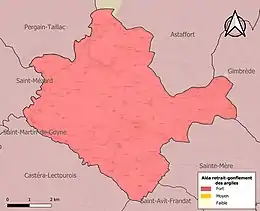Par ailleurs la commune fait partie de l'aire d'attraction d'Agen, dont elle est une commune de la couronne[Note 2]. Cette aire, qui regroupe 81 communes, est catégorisée dans les aires de 50 000 à moins de 200 000 habitants[I 2],[I 3].
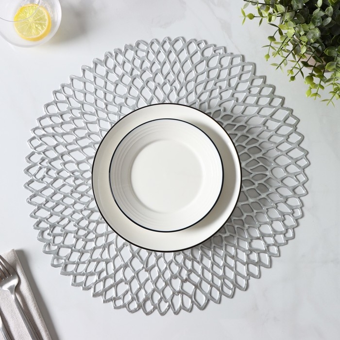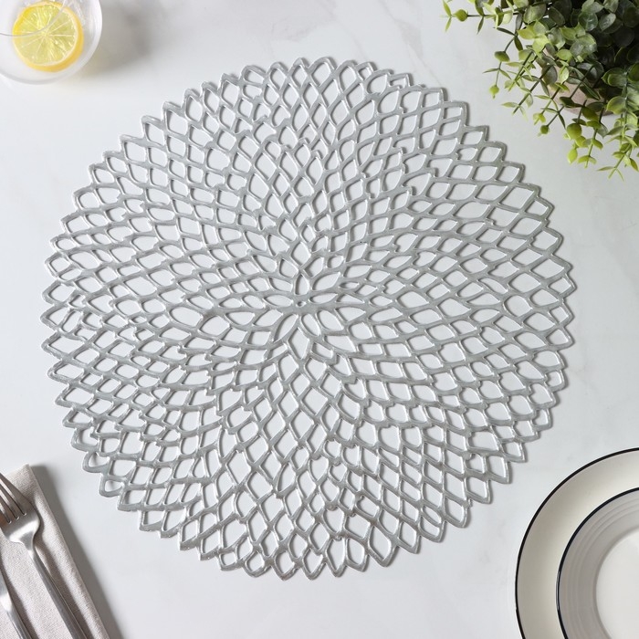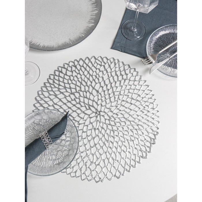 Салфетки сервировочные на стол Доляна «Лея», d=38 см, 4 шт, цвет серебряный
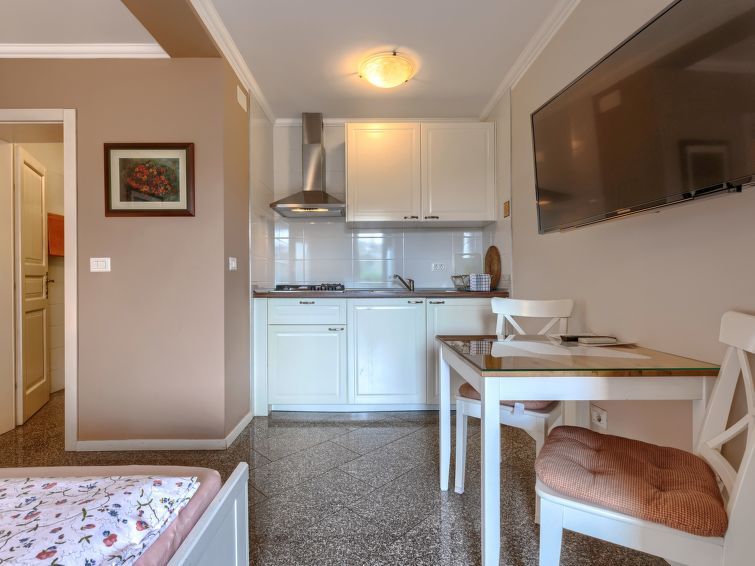 "Tiola", 1-room apartment 23 m2, on the ground floor. Tasteful furnishings: Studio with 1 french bed (160 cm, length 200 cm), satellite TV and air conditioning. Exit to the terrace, to the swimming pool. Open kitchen (2 ceramic glass hob hotplates, freezer) with dining table. Shower/WC.
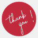 Una llamativa tipografía de escritura en color blanco sobre rojo se baraja cuidadosamente a través de este pegatina, una manera simple y cuidadosa de mostrar su aprecio a sus amigos, familia o clientes.
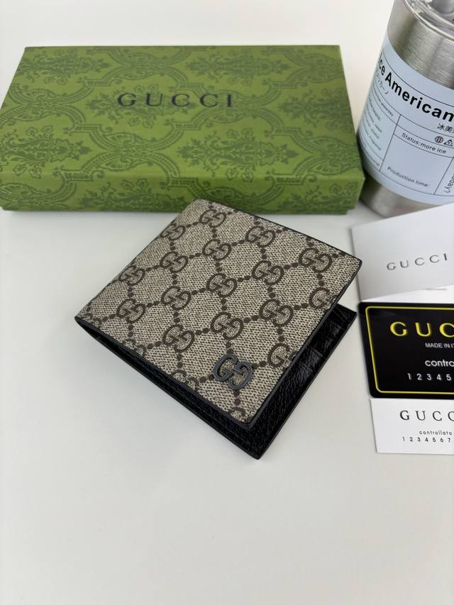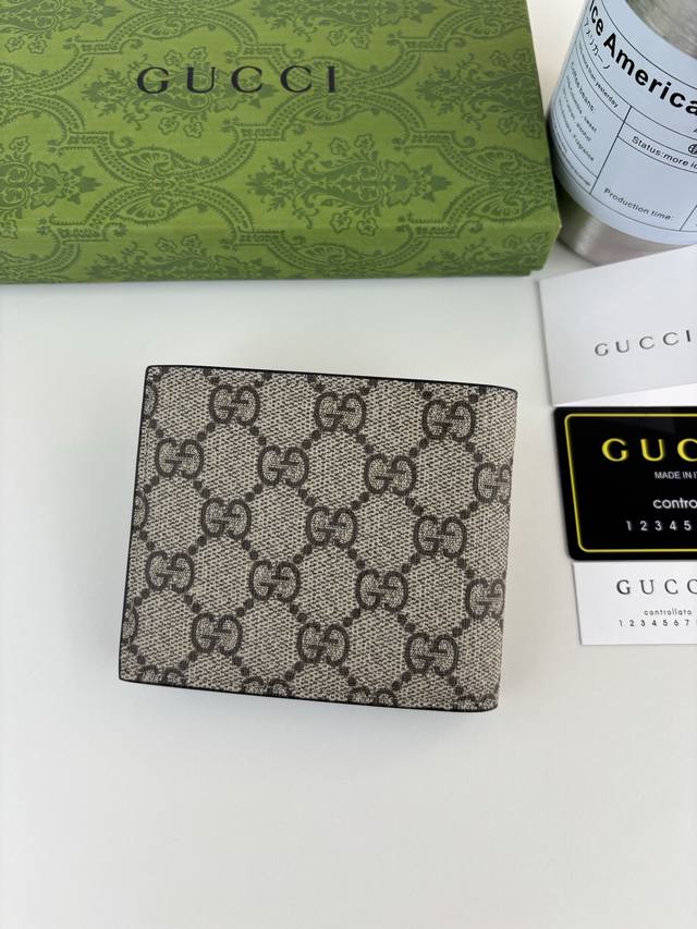 Guccl Wallet, a newly launched slim and compact leather item in a collection that blends a variety of vibrant colors. The contrasting two-tone design highlights the Gg logo adorning the bag. Crafted from brown Gg Supreme canvas with a brown leather lining, this wallet features eight card slots and two bill compartments. Style Number: 768243 Dimensions: 11cm

YOUR GOAL:
Using the records above, print exactly the lines between the ones containing "Салфетки сервировочные на" and "Una llamativa tipografía", inclusive, and nothing else; no pictures.

RESULT OF THE TASK:
 Салфетки сервировочные на стол Доляна «Лея», d=38 см, 4 шт, цвет серебряный
 "Tiola", 1-room apartment 23 m2, on the ground floor. Tasteful furnishings: Studio with 1 french bed (160 cm, length 200 cm), satellite TV and air conditioning. Exit to the terrace, to the swimming pool. Open kitchen (2 ceramic glass hob hotplates, freezer) with dining table. Shower/WC.
 Una llamativa tipografía de escritura en color blanco sobre rojo se baraja cuidadosamente a través de este pegatina, una manera simple y cuidadosa de mostrar su aprecio a sus amigos, familia o clientes.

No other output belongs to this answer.